Whilst the solvent/sample ratio is limited to 20:1 for the chloroform/methanol method in order to obtain a single phase, the use of butanol/methanol is not restricted by miscibility of the solvent. Indeed, Löfgren et al., found that the 1-butanol/methanol (3:1 v/v) method was linear for a wide range of sample volumes (10 to 100 μL) [23]. There was no significant difference in the recoveries of any of the lipid standards between the chloroform/methanol and the two 1-butanol/methanol extraction methods. For all internal standards the average recovery was greater than 80%. However, the recoveries of lipid standards from plasma matrix using the 1-butanol/methanol (1:1 v/v) method were either similar to, or greater than, those of the chloroform/methanol method [7] or a similar method utilizing a 1-butanol/methanol (3:1 v/v) mix.
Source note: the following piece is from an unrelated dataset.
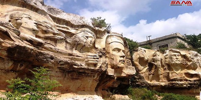 منحوتة بالصخر لأحد رجالات الثورة السورية ضد المستعمر الفرنسي

We note that the recovery of the DG (15:0/15:0) standard from the chloroform/methanol extraction appeared to be greater than 100%. This appears to be the result of acyl migration from the sn1, and sn3 positions of the 1,3-diacylglycerol to the sn2 position on the glycerol backbone during the chloroform/methanol extraction process, giving rise to 1,2- and 2,3-diacylglycerol isomers with higher response factors in the mass spectrometer. This acyl migration occurs in all extracts but appears to be greatest in the chloroform methanol extraction process, resulting in an apparent recovery of greater than 100%. For this reason, additional care should be exercised when using the chloroform/methanol extraction for diacylglycerol species. In addition to assessing recovery using spiked standards, we re-extracted the residue (pellet) remaining in the extraction microtube following the initial extraction to estimate how much of each endogenous lipid remained. Re-extraction of the pellet showed that only a small percentage of the endogenous lipid remained following the initial extraction, indicating recoveries of 82%–100% (median recovery = 92.4%). The lipid species with the poorest recoveries (82%–88%) were primarily non-polar neutral lipids (cholesteryl ester, diacylglycerol and triacylglycerol species), which are present in plasma within the hydrophobic core of lipoprotein particles.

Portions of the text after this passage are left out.